The word ‘inflation’ has become very common place today, with media hyping a lot about it. Statements like “Inflation declines to 7.5%” and “WPI rises to 4.5%” have become quite common in today’s newspapers. This gives rise to an important question: What is inflation and how does it affect our lives. Well, let us answer these questions and also take a look at how the interest rates can be used to monitor inflation.

 

What is Inflation:

You have bought in October a kg of rice for Rs 40. In November you buy the same rice for Rs 45. This means the price of a kg of rice has gone up. This is due to the effect of inflation. In simple terms, inflation is nothing but the increase in the prices of the goods and services. These prices go up due to various factors like levying of additional tax or increase in the tax rate, rise in fuel prices, excess availability of money etc.

Effects of inflation on our lives:

It is no doubt that the rise in prices or Inflation does affect everyone’s lives. The prices go up and so things become costly. As a result, our budgets go haywire, thus making it difficult to save or plan our finances. As a result, people start cutting down on their expenses. This in turn leads to a slowdown in economy as businesses do not get cash to operate their business. Consequently, they reduce their operations, leading to slowdown. Hence it becomes necessary to combat inflation.

 

Interest rates – the key to combat inflation:

As we have seen above, it is necessary for us to combat inflation. This can be done in various ways.
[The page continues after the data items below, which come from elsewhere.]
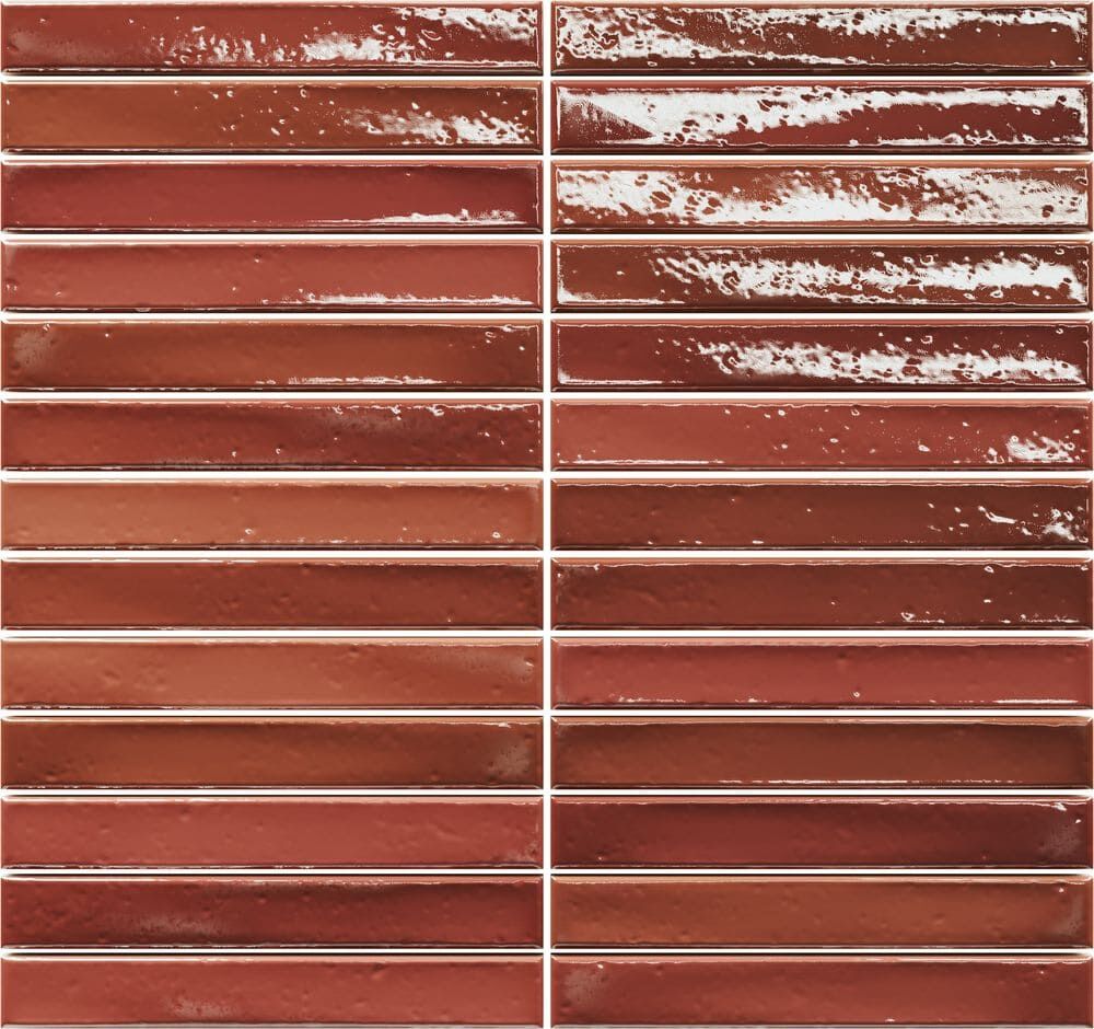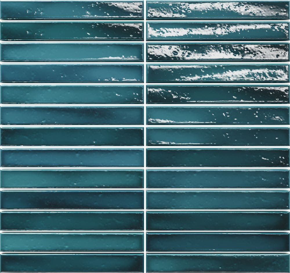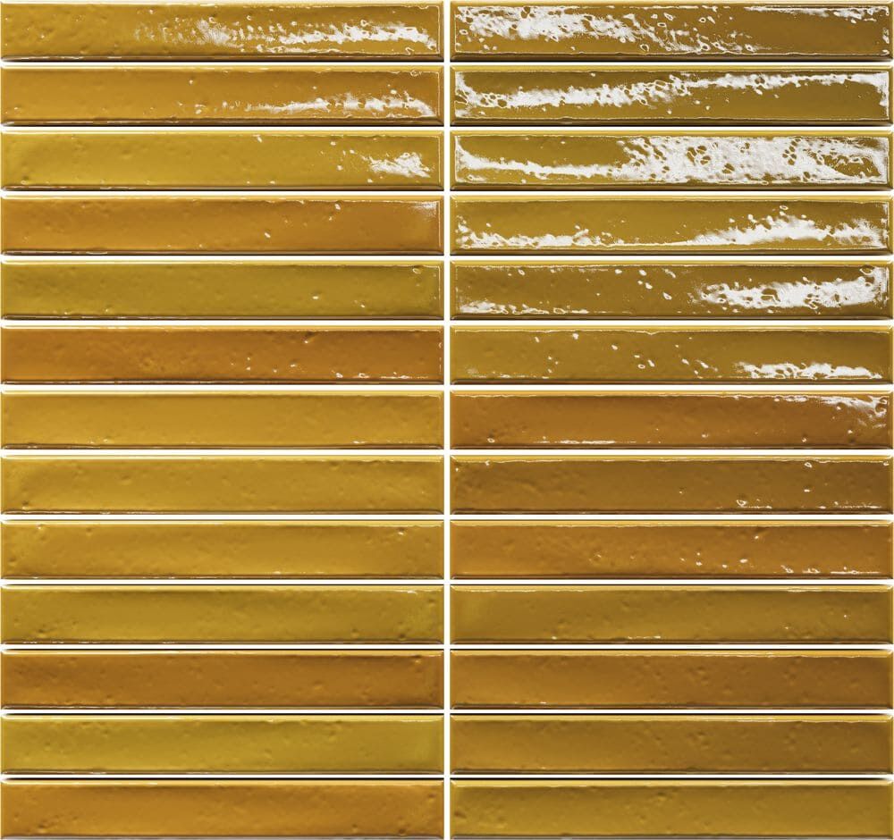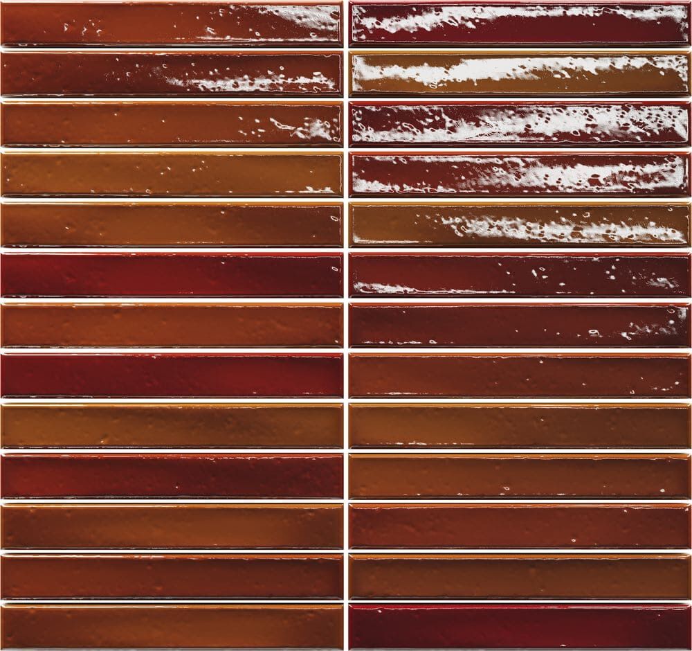 Wandfliesen im Format 2 x 45 cm. Vormontiert auf Matten bestechen diese schmalen Fliesen nicht nur durch ihre außergewöhnliche Form, sondern auch durch ihre Oberfläche: Mit Craquelé-Glasur in kräftigen Farben oder eher dezent mit glatter Glasur schaffen sie durch ihre kräftigen Nuancen ein unvergleichliches Farbenspiel an allen Wänden. Erhältlich in vollen Kartons: LongStick 48 Fliesen / 8 Matten à 6 Fliesen (0,48 m²/Karton), ShortStick 234 Fliesen / 9 Matten à 26 Fliesen (0,77 m²/Karton).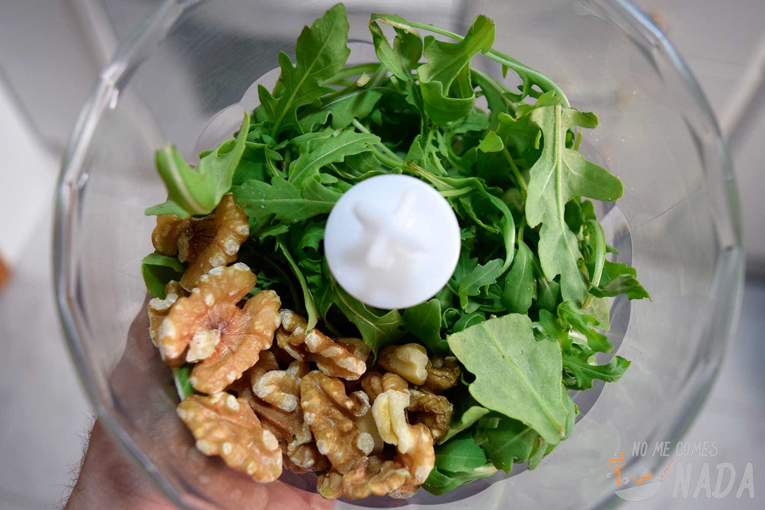 Empezamos colocando las nueces y la rúcula en el vaso de la picadora y trituramos un par de minutos. Añadimos el queso roquefort, el queso crema y la nata. Volvemos a triturar hasta que estén los ingredientes totalmente integrados y tengamos una crema homogénea.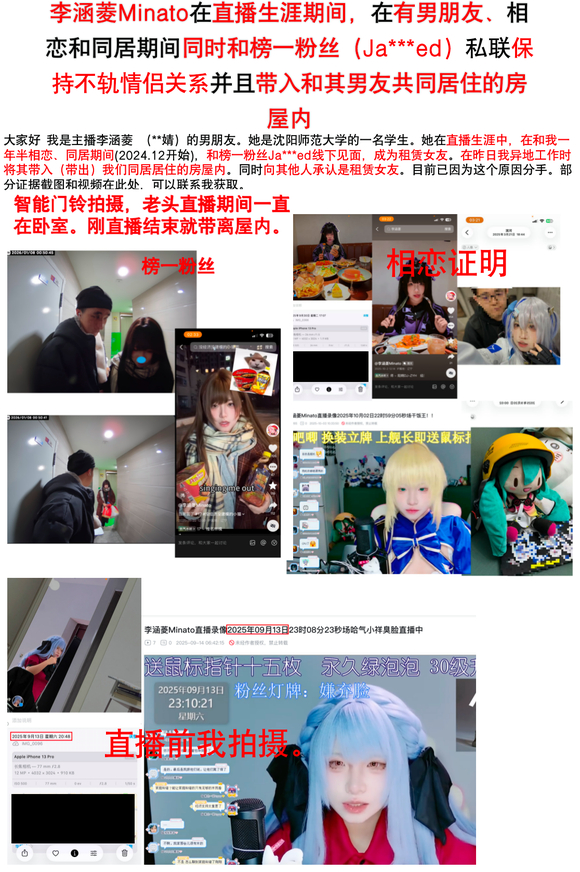二次元网红,新晋爆火coser李涵菱Minato,被男友甩出大量是实锤证据,爆料李涵菱在和自己交往多年期间,与榜一大哥暧昧不清发展地下情,甚至带回家doi。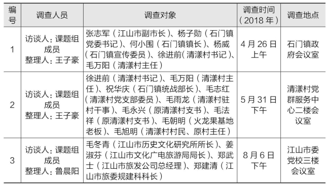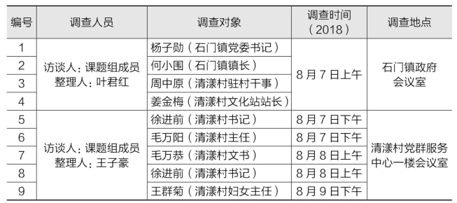 共同访谈指课题组全体成员共同参与,面对某个访谈对象开展访谈,由一名课题组成员作为主要提问者,其他成员进行补充性提问或追问的调查方式。该访谈方式可以使课题组全体成员参与访谈过程,获得较全面的信息和资料,但同时也可能会给访谈对象带来无形的压力。共同访谈的具体情况如表1所示。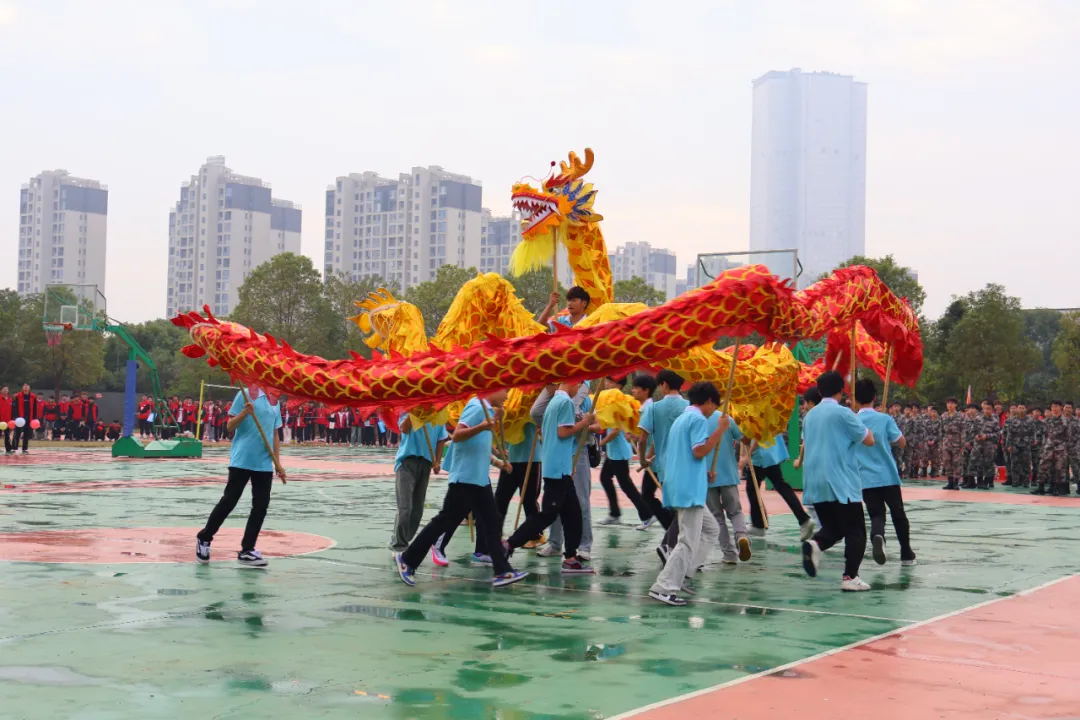 紧接着,一场精彩纷呈的开幕式表演呈现在大家眼前。首先登场的是龙狮表演队,他们身着鲜艳的服装,手持长龙和雄狮,在操场上翻腾跳跃,气势恢宏。龙身蜿蜒起伏,狮头威严抖动,仿佛将传统文化与现代体育精神完美融合。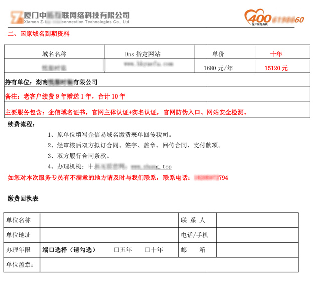 2、我方通知客戶都只會是以前為你一對一的服務專員才會與貴公司對接辦理網(wǎng)站續(xù)費事務,所以陌生人員與您聯(lián)系說域名網(wǎng)站到期的都請謹防被騙。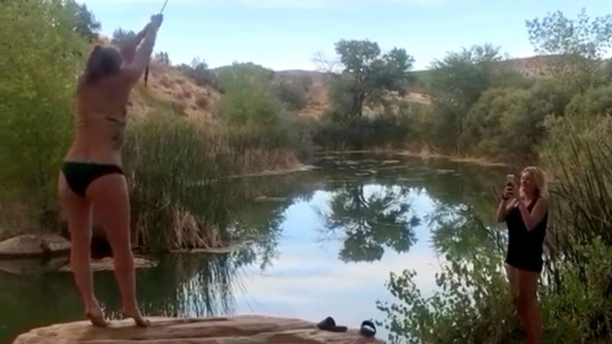 Cameravrouw wordt op een nat pak getrakteerd dankzij haar incompetente vriendin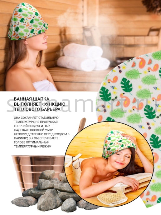 Шапка это необходимый атрибут для похода в баню или сауну. Высокая температура и сухой воздух в парной могут вызвать перегрев и ожоги кожи головы. Шапка для бани убережет голову, уши и волосы от высокой температуры и перегрева. Если пренебрегать защитой головы с помощью шапочки, то волосы теряют влагу и становятся ломкими и сухими. Помимо термоизоляционных свойств банная шапка обладает отличными гигроскопичными свойствами - прекрасно впитывает влагу и пот, что сделает Ваше пребывание в парной более комфортным. Головной убор для бани выполнен из натурального материала – войлок. Материал достаточно пористый, за счет чего создает своеобразный защитный барьер по принципу термоса, для изоляции от высокой температуры. Стильный, яркий, необычный рисунок выделит Вас и подчеркнет Вашу индивидуальность. После применения расправьте шапку и просушите. Размер универсальный. Мы предлагаем Вам не только эффективное средство защиты от перегрева, но и стильный яркий аксессуар для бани и сауны.

One of them is to increase the interest rates once the inflation increases. One of the reasons that we saw for the increase in inflation is excess liquidity. This arises when the supply of money is in excess. This happens when the interest rates are low and the funds are easy to procure.

As a result, people with money can pay for the goods and services. According to Economics, the law of demand and supply states that higher the demand for a particular item, higher is its price. This leads to rise in prices for the goods and services, thereby giving rise to inflation. RBI, the central bank of India responsible for maintaining the balance of economy increases the interest rates, when the inflation increases.

What RBI does is increase the interest rates on the funds it lends to the banks. As the cost of the funds to the banks increases, they are forced to lend money to their borrowers at higher rates. This means that the borrowers get money at higher rate, thus increasing the cost of funds. This means they are not able to spend much. As a result, the cost of goods goes down, causing the inflation to decline.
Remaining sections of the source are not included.